The Improving Efficiency to Increase Competition Act: In January 2024, Senators Thom Tillis (R-NC) and Chris Coons (D-DE) introduced legislation intended to reduce the administrative burden on universities and other institutions that receive federal research grants so that they can focus more intently on producing new innovations. Specifically, the legislation would direct the Government Accountability Office (GAO) to conduct a study on intellectual property reporting requirements under the Bayh-Dole Act, which vary between federal agencies.
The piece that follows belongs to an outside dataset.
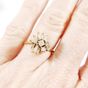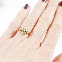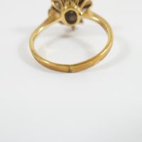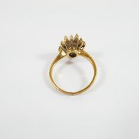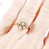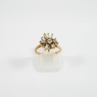 Bague : en or 750 mil. (diamants taille brillant et baguette) (TDD : 50) (monture coupée, pierre manquante, accident). 3,5 g. brut.

Such a study will offer important insights into how the government can make the reporting process more efficient and remove barriers that may have inhibited the development of new inventions.
The Interagency Patent Coordination and Improvement Act of 2023: In January 2023, Senators Dick Durbin (D-IL), Chris Coons (D-DE), Thom Tillis (R-NC), and Chuck Grassley (R-IA) introduced the Interagency Patent Coordination and Improvement Act of 2023. The bill would create an interagency task force to share patent filing information and technical assistance between USPTO and FDA officials. IP experts warn that interagency entanglement could weaken the patent system by inserting officials from multiple federal agencies – without patent law expertise – into the examination process. They submit that it is premature to implement such substantial changes without conducting a thorough evidence-based study.